Tuesday, March 13, 2012

Did You Vote?

Did you Vote?  Our right, our freedom to vote, comes with the responsibility to vote.
I hope today you exercised:

         Your Responsibility
                  Your Right
                          Your Freedom

To participate in the process of choosing the people that govern us, make and enforce our laws.  These things were hard fought and long in the making of what they are today.

"The history of voting in the United States has not been characterized by a smooth and inexorable progress toward universal political participation. It has instead been much messier, littered with periods of both expansion and retraction of the franchise with respect to many groups of potential voters." Grant M. Hayden, Hofstra University law professor in the Oxford Companion to American Law.

There were fewer opportunities to exercise the right to vote in colonial America. The English king appointed most governors, though there were exceptions.
Typically, white, male property owners twenty-one or older could vote. Some colonists not only accepted these restrictions but also opposed broadening the franchise. Duke University professor Alexander Keyssar wrote in The Right to Vote: The Contested History of Democracy in the United States:  Some colonies required a voter to own a certain amount of land or land of a specified value. Others required personal property of a certain value, or payment of a certain amount of taxes.

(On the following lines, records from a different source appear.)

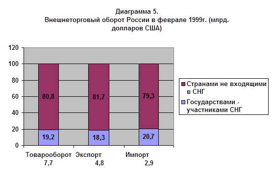 В феврале 1999 внешнеторговый оборот России ( на основе данных таможенной статистики и с учетом официально не регистрируемого экспотра(импорта)) составил в текущих ценах 7,7 млрд. долларов США (177,0 млрд. р.) и по сравнению с февралем 1998г. снизился на 34,4%, в том числе экспорт составил 4,8 млрд. долларов США (110,4 млрд. р.) и снизился на 18,1%; импорт – 2,9 млрд. долларов США (66,6 млрд. р.) и снизился на 50,4%.
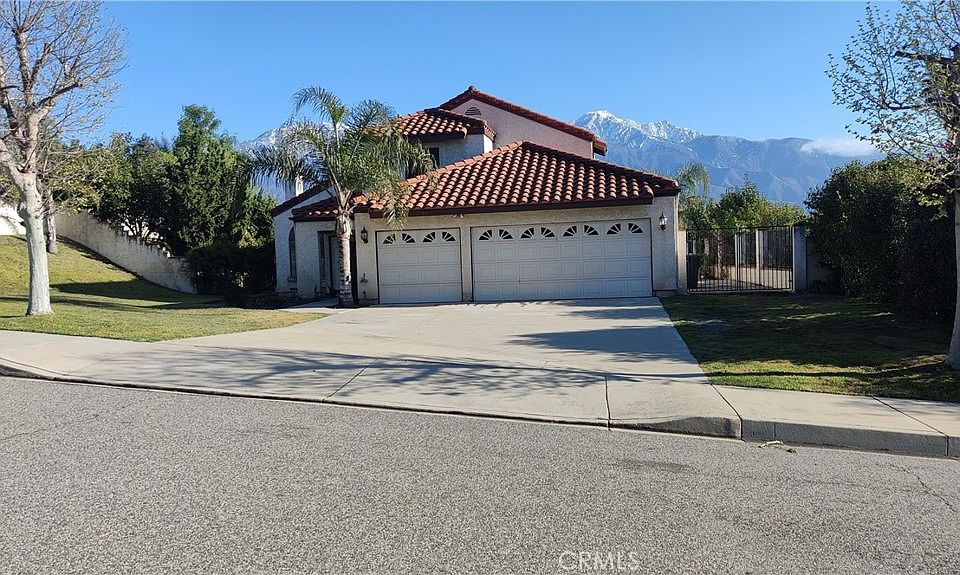 Red Hill family home with spectacular unobstructed mountain views. From the moment you pull onto the street you can tell that these homes are special. The orientation on the lots, the grade of the street and the elevation of the neighborhood make for great views in the coveted Red Hill area of Rancho Cucamonga. Enjoy those views from the huge private backyard with plenty of park like grounds, sitting areas, mature trees/landscaping complete with an inground pool. Over a quarter acre lot size gave plenty of room for lush inviting landscape. You can tell that these original owners always enjoyed caring for their home and gardens. 2-story home features a formal living room just inside the double door entry with high vaulted ceilings, easy stairs access right off entry, eat-in family/country style kitchen with granite countertops and stainless steel dishwasher, microwave and gas oven/stove. Indoor utility/laundry room with washer & dryer hookups leads to attached 3 car garage that is drywalled/finished and has some built in storage and cabinets. Plenty of room for everything. A main floor bedroom with mirrored wardrobe doors and a full bath in downstairs hall complete the first floor. Upstairs is the spacious master bedroom with full en-suite bathroom featuring dual vanity/sinks countertop, a compartmented commode and shower/tub room and a walk in closet. There are 2 more secondary bedrooms upstairs (for a total of 4 bedrooms) both with mirrored sliding wardrobe doors. Full hall bathroom upstairs. This house has 3 FULL bathrooms, tub/shower in all 3. All brand new carpeting upstairs (and in downstairs bedroom), freshly painted and professionally cleaned, this house is move in ready. Bring us an offer, motivated sellers are ready to close this chapter and let another family enjoy this great property.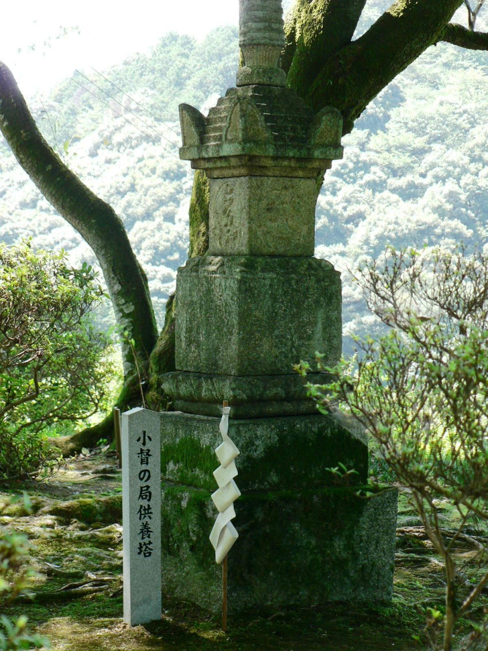 嵐山(あらしやま)の小督塚(こごうづか)。小督(1157年頃−1200年頃)は寵姫でありながら高倉天皇(たかくらてんのう1161−1181年)の正妻で時の権力者、平清盛(たいらのきよもり1118−1181年)の娘・中宮徳子(ちゅうぐう とくこ1155−1214年、後の建礼門院・けんれいもんいん)よりも天皇の大きな寵愛を受けたために清盛の怒りを買って嵯峨野に逃げるように隠遁した。

John Adams wrote in 1776 that no good could come from enfranchising more Americans:
“Depend upon it, Sir, it is dangerous to open so fruitful a source of controversy and altercation as would be opened by attempting to alter the qualifications of voters; there will be no end to it. New claims will arise; women will demand the vote; lads from 12 to 21 will think their rights not enough attended to; and every man who has not a farthing, will demand an equal voice with any other, in all acts of state. It tends to confound and destroy all distinctions, and prostrate all ranks to one common level.”

Benjamin Franklin lampooned them when he wrote: “Today a man owns a jackass worth 50 dollars and he is entitled to vote; but before the next election the jackass dies. The man in the mean time has become more experienced, his knowledge of the principles of government, and his acquaintance with mankind, are more extensive, and he is therefore better qualified to make a proper selection of rulers—but the jackass is dead and the man cannot vote. Now gentlemen, pray inform me, in whom is the right of suffrage? In the man or in the jackass? “

Property restrictions gradually disappeared and the 15th Amendment in 1870 enfranchised black men, followed in 1920 by the 19th Amendment which enfranchised women.

These amendments were hard fought and won, and we should appreciate the freedom they give us to make choices for ourselves and our country.